### [ASSIGNMENT]
Only these lines, please: the first one of the records through the one containing "开场后班凯罗和小瓦格纳联手帮", retyped exactly, both ends included and pictures omitted.

### [INPUT DATA]
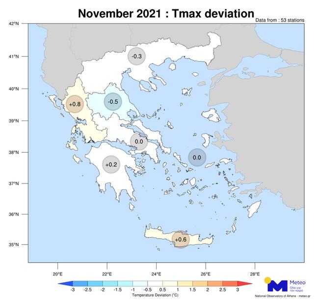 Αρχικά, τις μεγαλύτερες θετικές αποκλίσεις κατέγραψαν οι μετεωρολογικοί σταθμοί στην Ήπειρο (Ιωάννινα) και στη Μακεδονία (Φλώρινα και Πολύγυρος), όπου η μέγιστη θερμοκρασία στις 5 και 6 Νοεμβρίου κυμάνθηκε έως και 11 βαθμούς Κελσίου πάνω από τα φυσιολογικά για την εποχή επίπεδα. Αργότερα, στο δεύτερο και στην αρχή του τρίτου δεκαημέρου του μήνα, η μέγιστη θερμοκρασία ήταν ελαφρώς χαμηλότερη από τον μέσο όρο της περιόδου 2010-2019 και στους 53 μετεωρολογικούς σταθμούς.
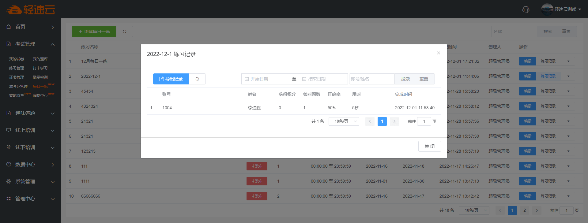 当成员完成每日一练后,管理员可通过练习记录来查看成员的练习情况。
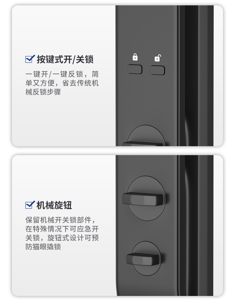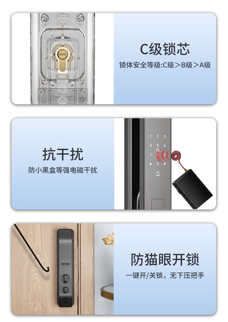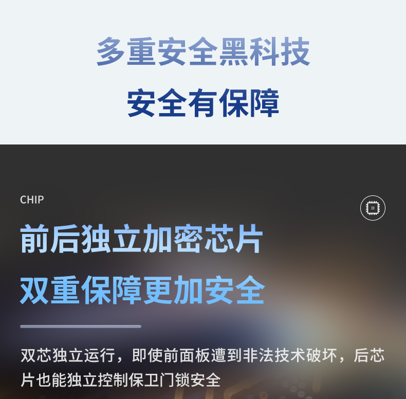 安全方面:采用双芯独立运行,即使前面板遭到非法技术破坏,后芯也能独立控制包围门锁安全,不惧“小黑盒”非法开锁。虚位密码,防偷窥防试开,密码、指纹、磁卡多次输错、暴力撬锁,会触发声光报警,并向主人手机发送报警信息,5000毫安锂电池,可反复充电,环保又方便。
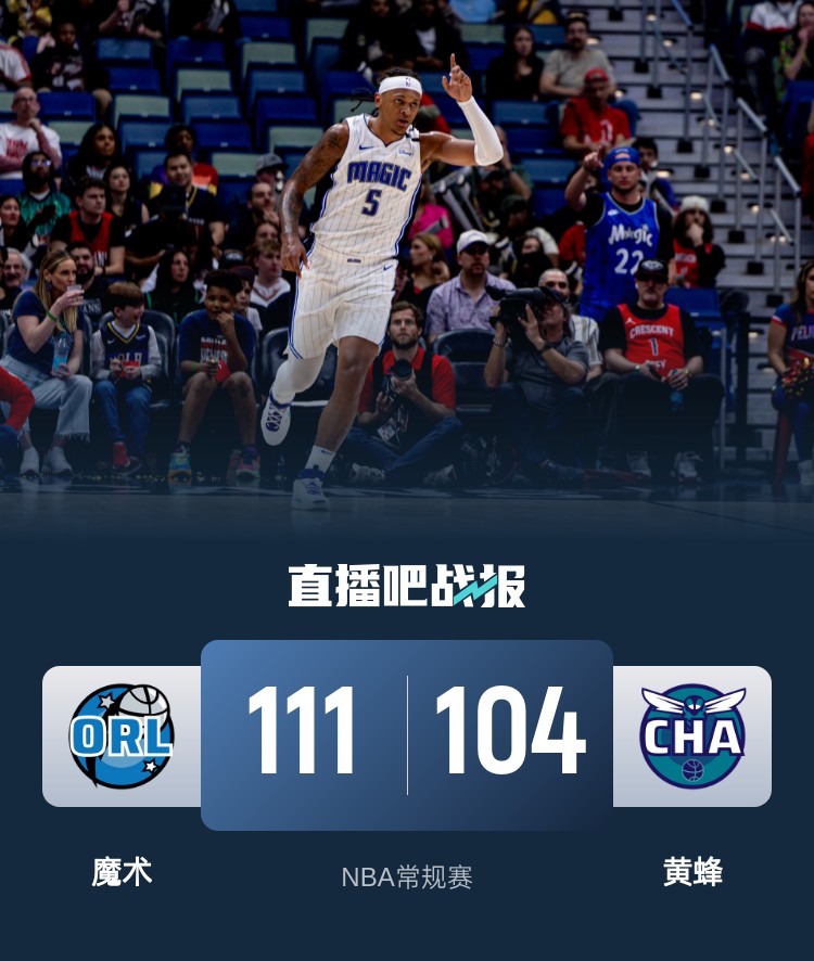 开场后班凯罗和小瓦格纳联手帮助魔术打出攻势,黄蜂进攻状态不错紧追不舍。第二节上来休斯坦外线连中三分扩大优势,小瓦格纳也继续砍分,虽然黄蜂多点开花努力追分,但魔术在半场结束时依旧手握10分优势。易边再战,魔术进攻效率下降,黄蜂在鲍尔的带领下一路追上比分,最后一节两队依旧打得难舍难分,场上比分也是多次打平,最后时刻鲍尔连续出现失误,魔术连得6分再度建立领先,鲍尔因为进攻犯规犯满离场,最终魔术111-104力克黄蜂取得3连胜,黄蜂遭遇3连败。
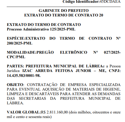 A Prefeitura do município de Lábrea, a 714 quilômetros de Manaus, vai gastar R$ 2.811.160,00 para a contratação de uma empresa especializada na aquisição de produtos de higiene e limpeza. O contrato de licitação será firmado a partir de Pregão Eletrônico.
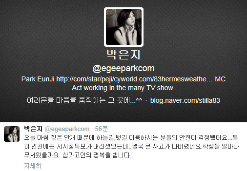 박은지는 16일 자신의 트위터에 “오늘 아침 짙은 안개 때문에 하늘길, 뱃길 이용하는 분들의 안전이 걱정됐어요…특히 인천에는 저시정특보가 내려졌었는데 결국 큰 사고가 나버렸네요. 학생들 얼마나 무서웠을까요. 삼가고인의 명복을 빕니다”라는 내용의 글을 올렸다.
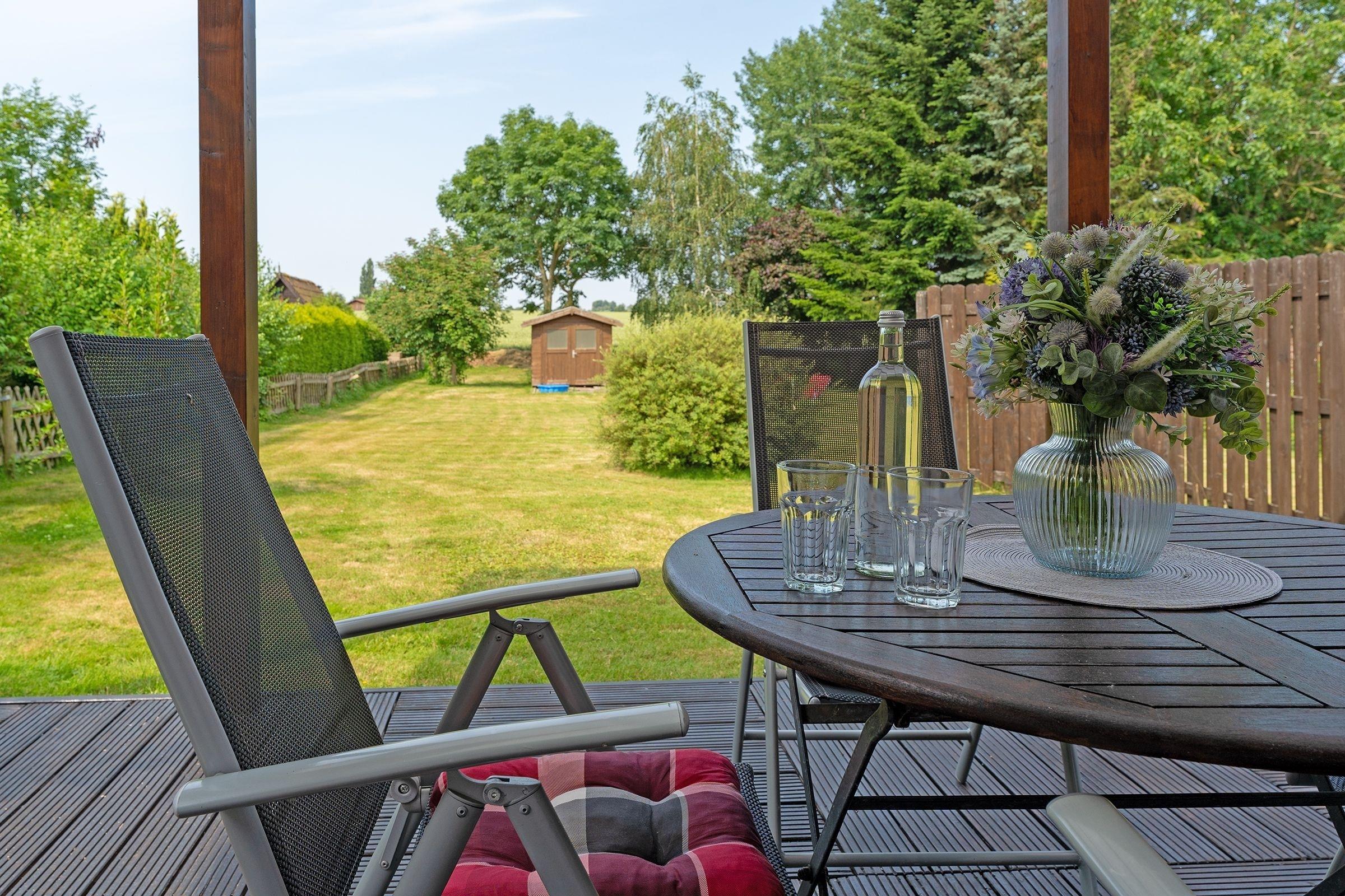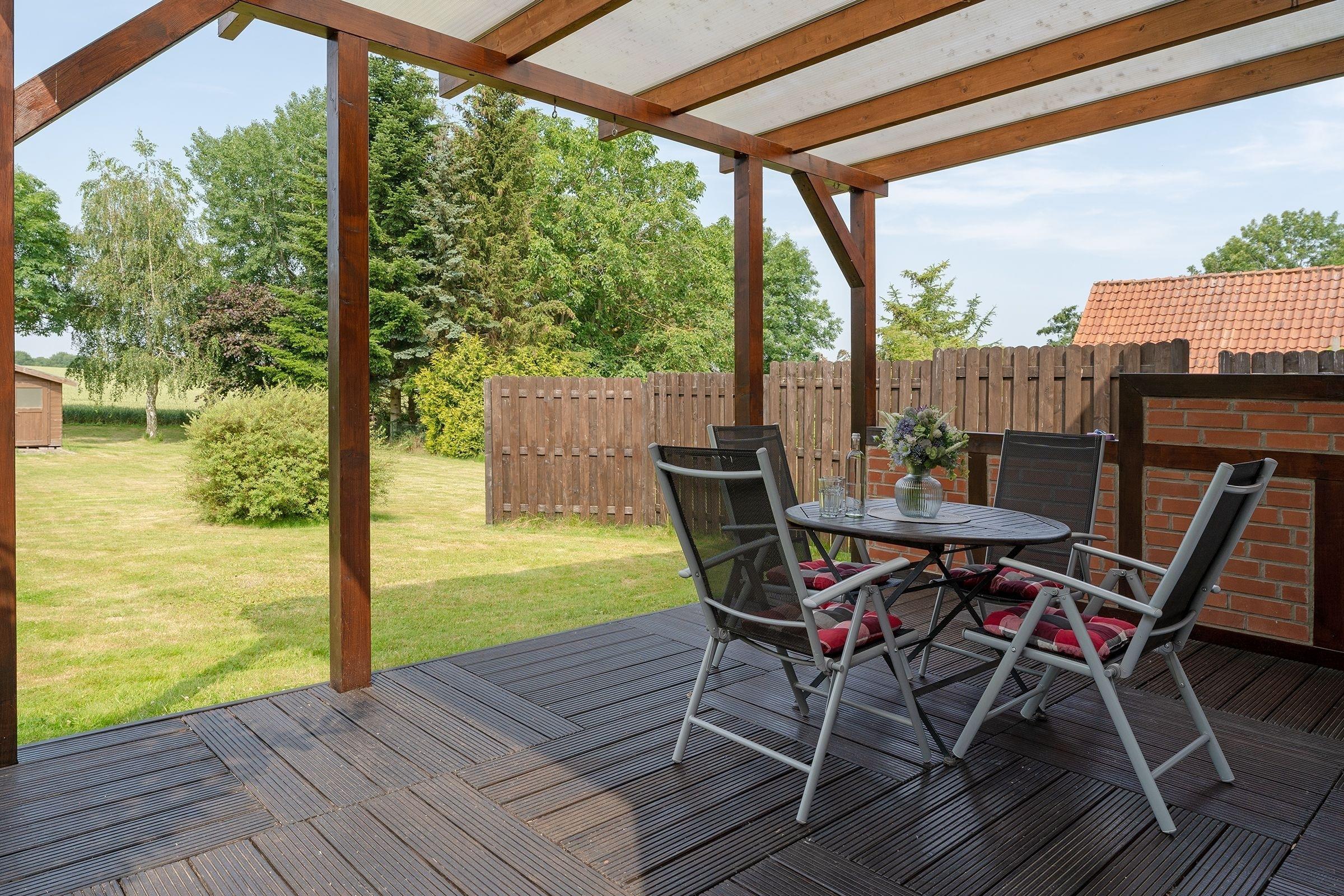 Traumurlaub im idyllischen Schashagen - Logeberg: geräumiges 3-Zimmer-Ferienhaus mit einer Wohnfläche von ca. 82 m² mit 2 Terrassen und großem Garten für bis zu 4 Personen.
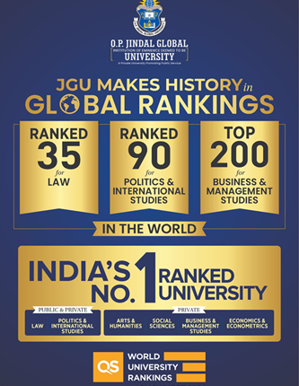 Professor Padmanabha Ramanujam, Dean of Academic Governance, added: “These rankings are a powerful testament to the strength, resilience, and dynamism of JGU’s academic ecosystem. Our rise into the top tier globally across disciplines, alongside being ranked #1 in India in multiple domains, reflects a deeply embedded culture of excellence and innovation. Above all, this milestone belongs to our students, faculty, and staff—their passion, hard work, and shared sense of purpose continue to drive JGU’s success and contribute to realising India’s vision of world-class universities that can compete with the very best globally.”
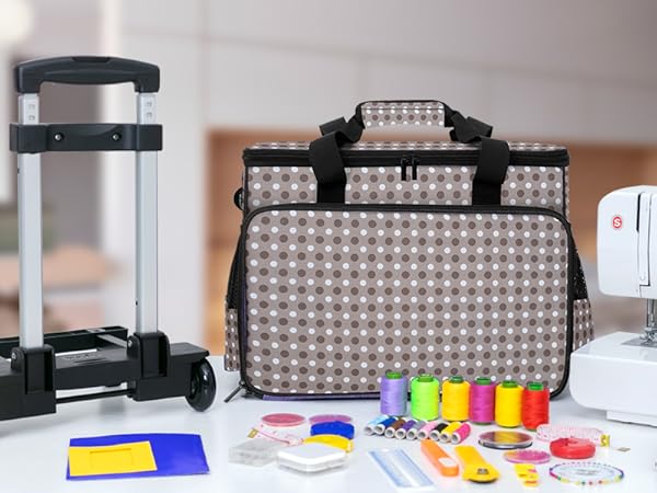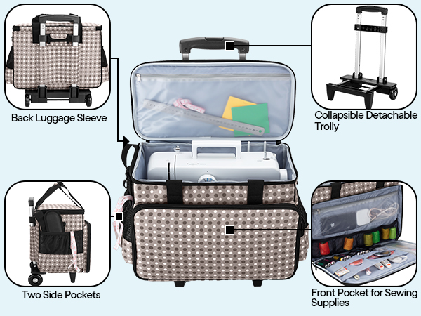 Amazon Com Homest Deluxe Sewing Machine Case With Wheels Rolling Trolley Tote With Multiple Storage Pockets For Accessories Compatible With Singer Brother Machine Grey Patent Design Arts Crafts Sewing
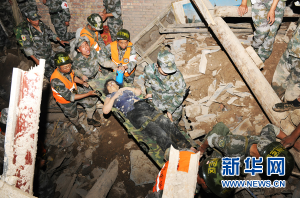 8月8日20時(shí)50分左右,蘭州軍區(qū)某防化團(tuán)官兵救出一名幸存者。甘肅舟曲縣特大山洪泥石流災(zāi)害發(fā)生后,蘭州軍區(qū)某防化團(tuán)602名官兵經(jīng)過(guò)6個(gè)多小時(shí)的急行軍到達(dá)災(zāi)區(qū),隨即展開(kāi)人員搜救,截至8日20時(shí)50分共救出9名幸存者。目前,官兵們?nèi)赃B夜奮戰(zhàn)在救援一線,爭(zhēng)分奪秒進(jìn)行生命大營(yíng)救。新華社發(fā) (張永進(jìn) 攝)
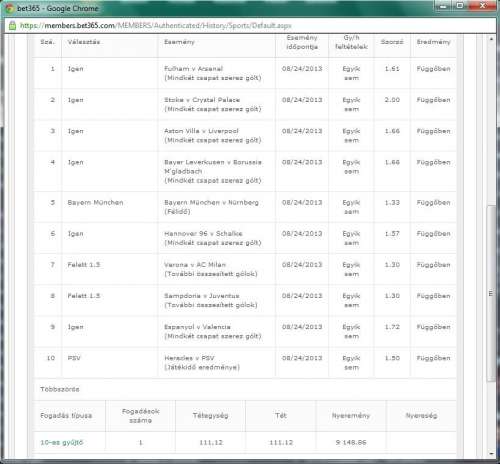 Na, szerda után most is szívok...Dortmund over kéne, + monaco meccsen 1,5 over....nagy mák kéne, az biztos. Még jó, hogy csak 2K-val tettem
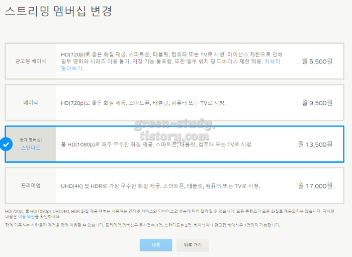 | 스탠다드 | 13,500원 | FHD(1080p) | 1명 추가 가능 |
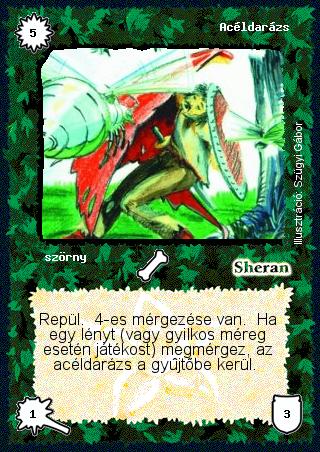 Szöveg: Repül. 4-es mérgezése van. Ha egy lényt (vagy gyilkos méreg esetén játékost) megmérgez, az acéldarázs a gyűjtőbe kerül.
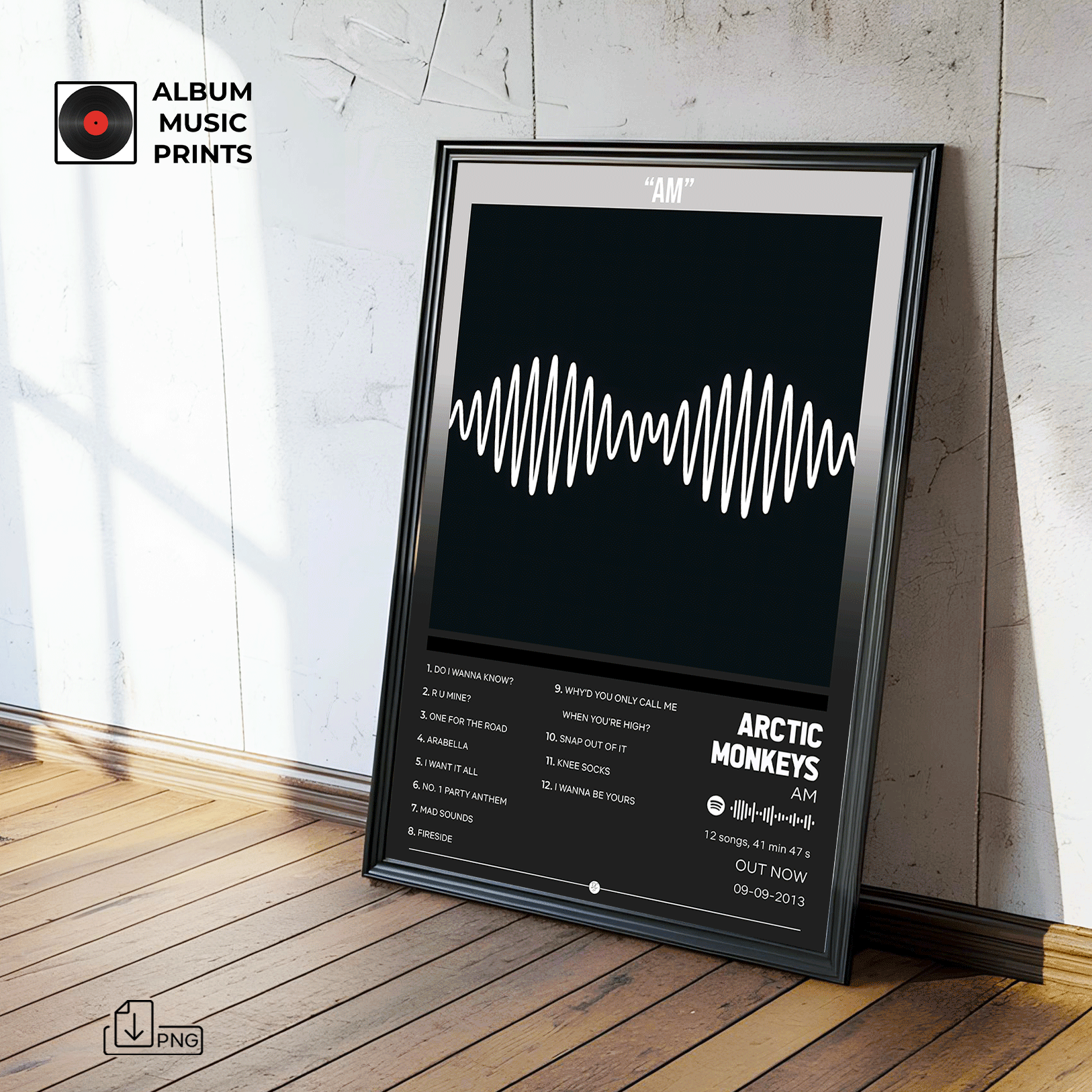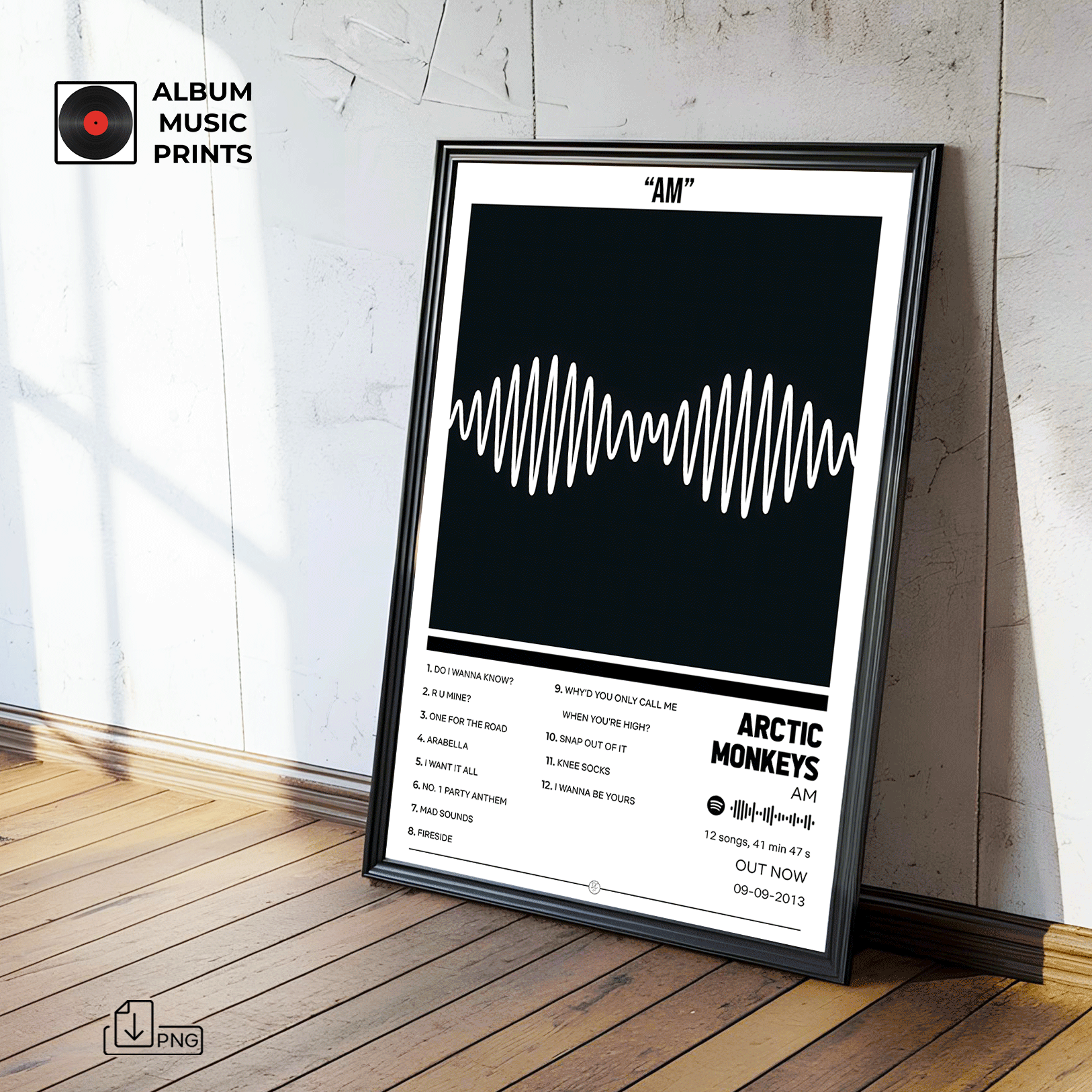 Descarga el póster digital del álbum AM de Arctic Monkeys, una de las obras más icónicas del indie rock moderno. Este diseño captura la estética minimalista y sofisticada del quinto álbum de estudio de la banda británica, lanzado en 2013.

### [WORKED SOLUTION]
 Αρχικά, τις μεγαλύτερες θετικές αποκλίσεις κατέγραψαν οι μετεωρολογικοί σταθμοί στην Ήπειρο (Ιωάννινα) και στη Μακεδονία (Φλώρινα και Πολύγυρος), όπου η μέγιστη θερμοκρασία στις 5 και 6 Νοεμβρίου κυμάνθηκε έως και 11 βαθμούς Κελσίου πάνω από τα φυσιολογικά για την εποχή επίπεδα. Αργότερα, στο δεύτερο και στην αρχή του τρίτου δεκαημέρου του μήνα, η μέγιστη θερμοκρασία ήταν ελαφρώς χαμηλότερη από τον μέσο όρο της περιόδου 2010-2019 και στους 53 μετεωρολογικούς σταθμούς.
 当成员完成每日一练后,管理员可通过练习记录来查看成员的练习情况。
 安全方面:采用双芯独立运行,即使前面板遭到非法技术破坏,后芯也能独立控制包围门锁安全,不惧“小黑盒”非法开锁。虚位密码,防偷窥防试开,密码、指纹、磁卡多次输错、暴力撬锁,会触发声光报警,并向主人手机发送报警信息,5000毫安锂电池,可反复充电,环保又方便。
 开场后班凯罗和小瓦格纳联手帮助魔术打出攻势,黄蜂进攻状态不错紧追不舍。第二节上来休斯坦外线连中三分扩大优势,小瓦格纳也继续砍分,虽然黄蜂多点开花努力追分,但魔术在半场结束时依旧手握10分优势。易边再战,魔术进攻效率下降,黄蜂在鲍尔的带领下一路追上比分,最后一节两队依旧打得难舍难分,场上比分也是多次打平,最后时刻鲍尔连续出现失误,魔术连得6分再度建立领先,鲍尔因为进攻犯规犯满离场,最终魔术111-104力克黄蜂取得3连胜,黄蜂遭遇3连败。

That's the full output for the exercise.